Questions were also being asked about the role of the Finance Minister – Kelfala Marah (Photo) – another son of Koinadugu, in the massive Ebola cover up – dubbed Ebolagate, as answers were demanded from the authorities about the true extent of Ebola in the district.
Momoh Konteh is himself a son of Koinadugu. He was unsuccessfully indicted for his involvement in the Timbergate corruption affair, which was exposed by the Aljazeera television documentary, involving vice president Sam Sumana.
But the Timbergate case was thrown out of court in Freetown, due to insufficient evidence submitted by the country’s Anti-Corruption Commission.
Last October, 2014, the Sierra Leone Telegraph reported that any confirmation of large scale Ebola deaths in Koinadugu, after months of denial about the existence of the virus in the district, will be a serious game changer in the nation’s fight against Ebola.
And so it was.
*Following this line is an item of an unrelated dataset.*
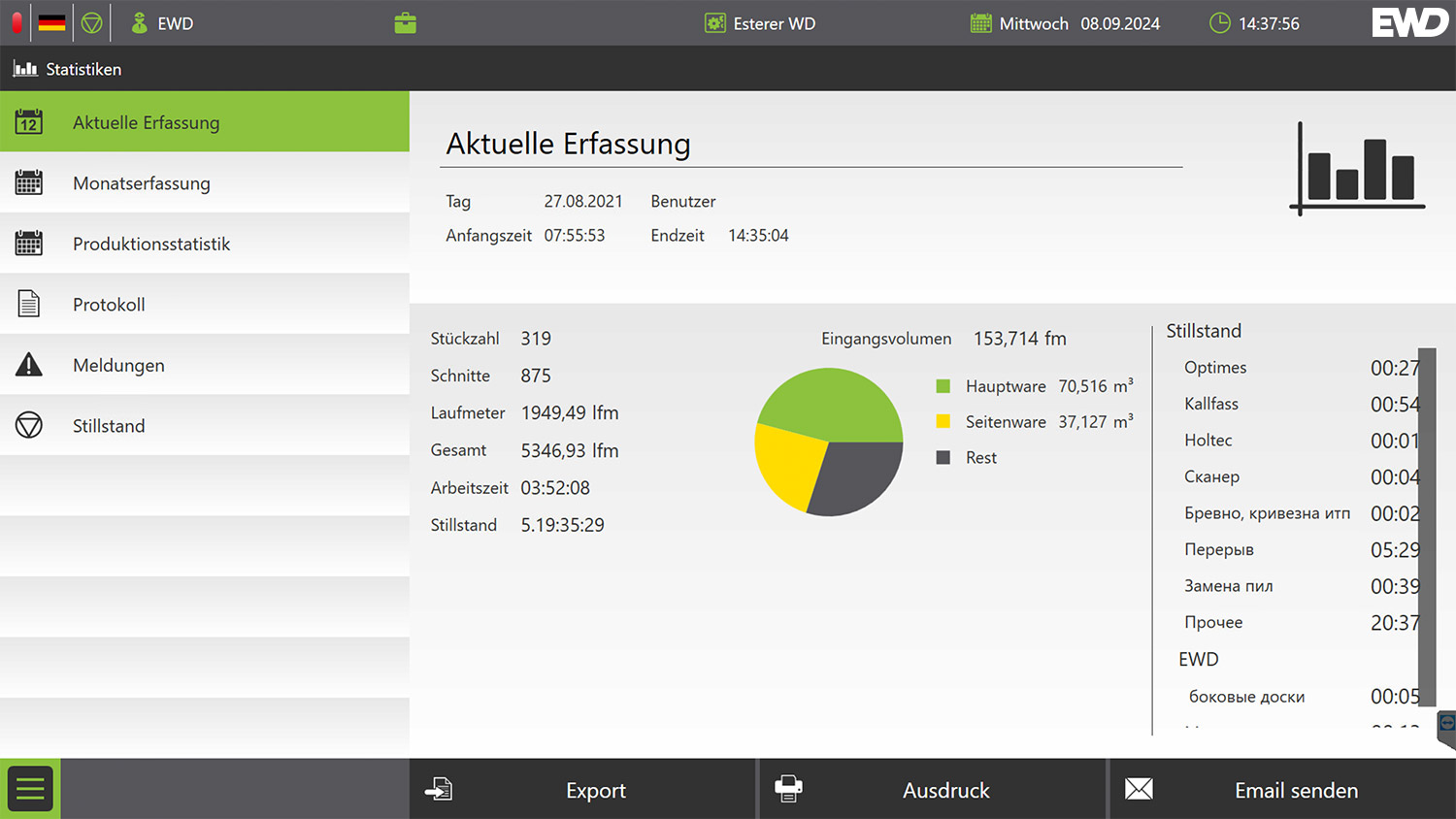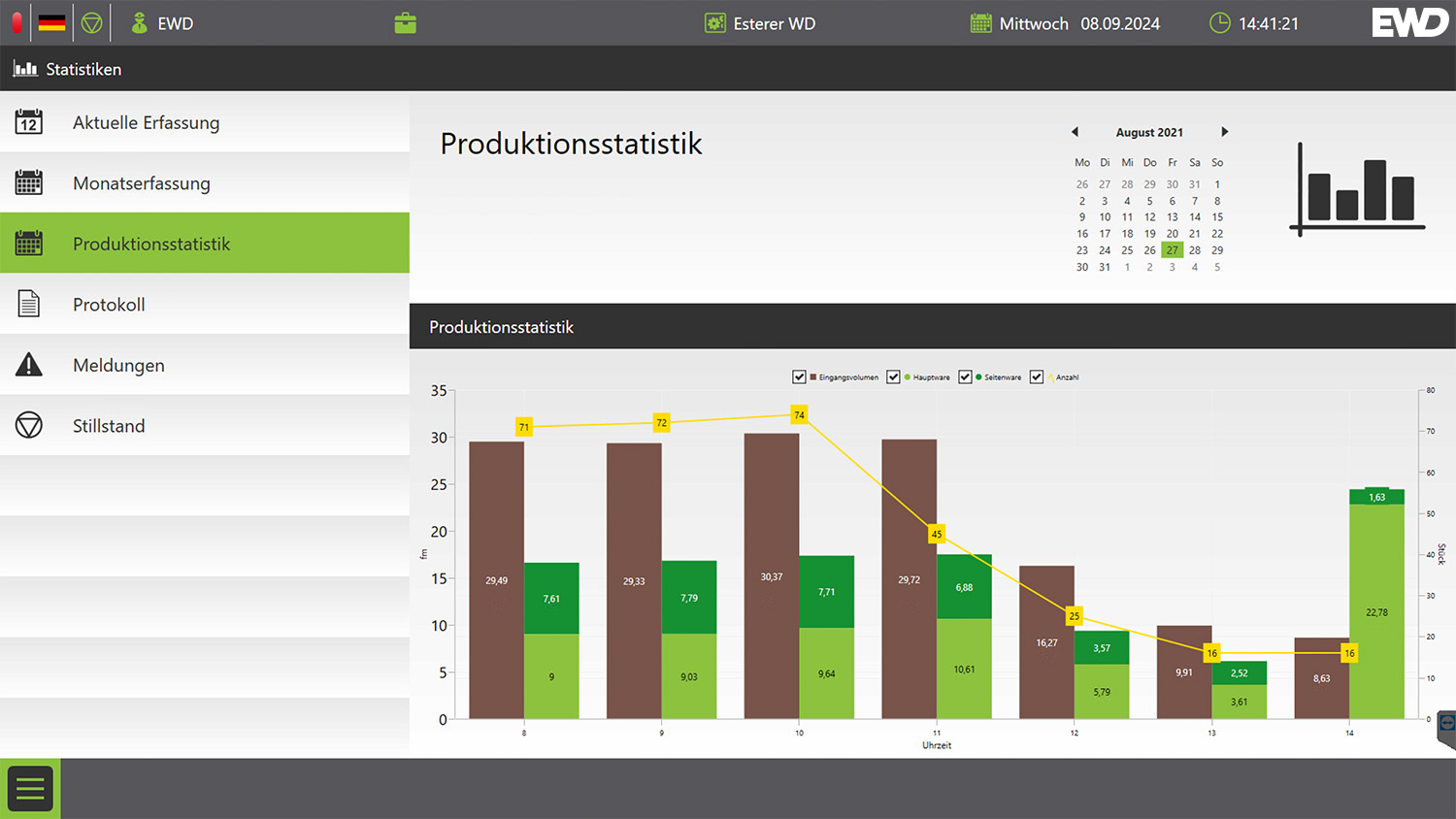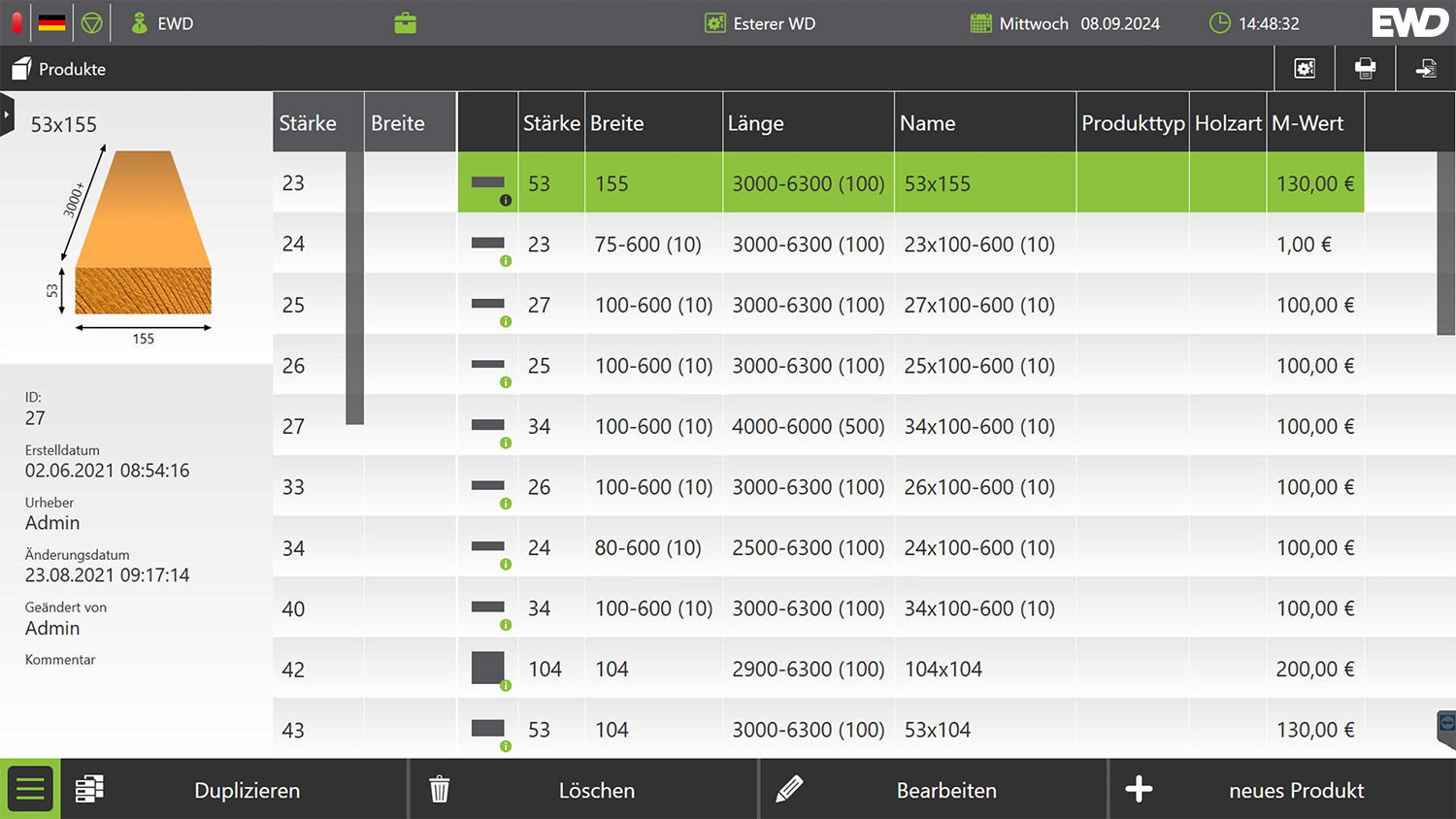 eWood ist die umfangreiche Optimier- und Anwendungssoftware von EWD. Sie kombiniert modernste Messtechnik mit einer intuitiven Benutzeroberfläche und sorgt so für höchste Effizienz und Ausbeute in der Sägeindustrie. Dank durchgängiger Bedienlogik und schneller Einarbeitung wird komplexe Technologie einfach handhabbar. Mit eWood steuern Sie Ihre Anlage zuverlässig, transparent und zukunftssicher.
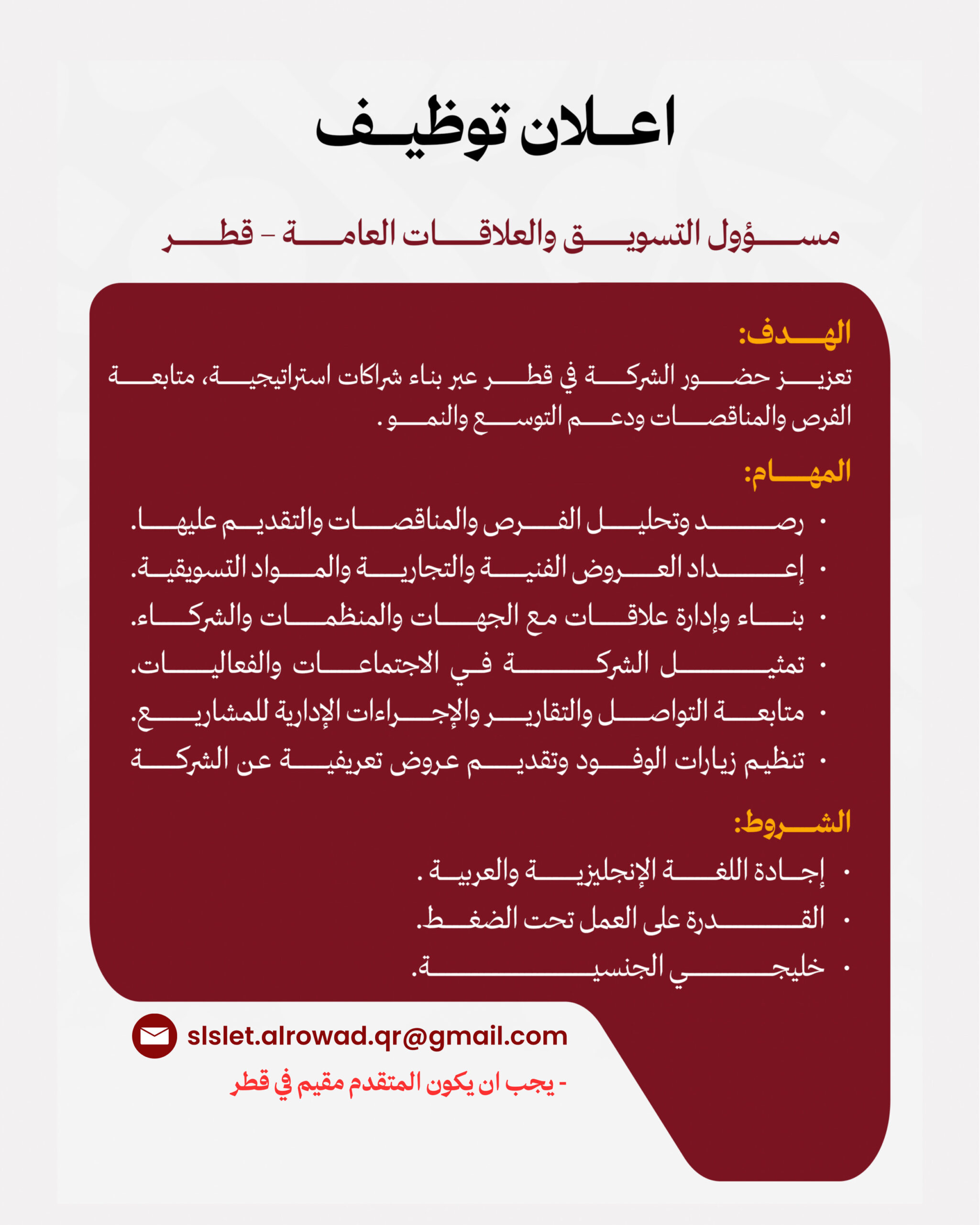 ارسل السيرة الذاتية على الايميل sislet.alrowad.qr@gmail.com

The discovery of mass deaths and a rapid rate of infection in Koinadugu had a knock-on effect on neighbouring northern districts, which saw a rapid rise in transmission of the virus.
Last week’s announcement by president Koroma – appointing Momoh Konteh to head the country’s Telecommunications Commission, and Mohamed N’fah-Alie Conteh as Chief Electoral Commissioner and Chairman of the National Electoral Commission, is being regarded as nothing other than a reward for the massive Ebola cover up in Koinadugu.
“The general public is hereby informed as follows: That Chief Justice Umu Hawa Tejan-Jalloh will proceed on leave to retirement on 6th February, 2015. With effect from that date, Justice Valesius Thomas, Justice of the Supreme Court will act as Chief Justice in accordance with the provisions of Section 136 (1) (b) of the Constitution of Sierra Leone, 1991 (Act No. 6 of 1991).
“That pursuant to the provisions of Section 32, Sub-sections 2 and 3 of the Constitution of Sierra Leone, 1991 (Act No. 6 of 1991) it has pleased his excellency the president, after consultation with the leaders of all registered political parties, to appoint Mr. Mohamed N’fah-Alie Conteh as Chief Electoral Commissioner and Chairman National Electoral Commission, subject to the approval of parliament.
“That pursuant to the provisions of Section 5(2) of the Telecommunications Act, 2006 (Act No. 9 of 2006) his excellency the president has decided to remove the chairman and members of the national telecommunications commission (NATCOM from office with immediate effect. In consequence thereof, it has pleased his excellency to appoint Mr. Momoh Konteh as the new Chairman of Natcom, subject to the approval of parliament. The other members of the commission will be appointed shortly.”
But the question many Sierra Leoneans are now asking is this: If the president was looking for candidates to be rewarded for their hard work and success in the country’s fight against Ebola, did he need to have looked any further than Pujehun district?
With only 31 cases of Ebola, the people of Pujehun had managed to have just one new case of Ebola found in the district in the last 65 days, and was declared Ebola free two weeks ago.
Tomorrow, Kailahun district will be declared Ebola free, after 42 days of recording zero new cases.
So why has president Koroma rewarded Momoh Konteh and Mohamed N’fah-Alie Conteh? Both from Koinadugu district. How odd.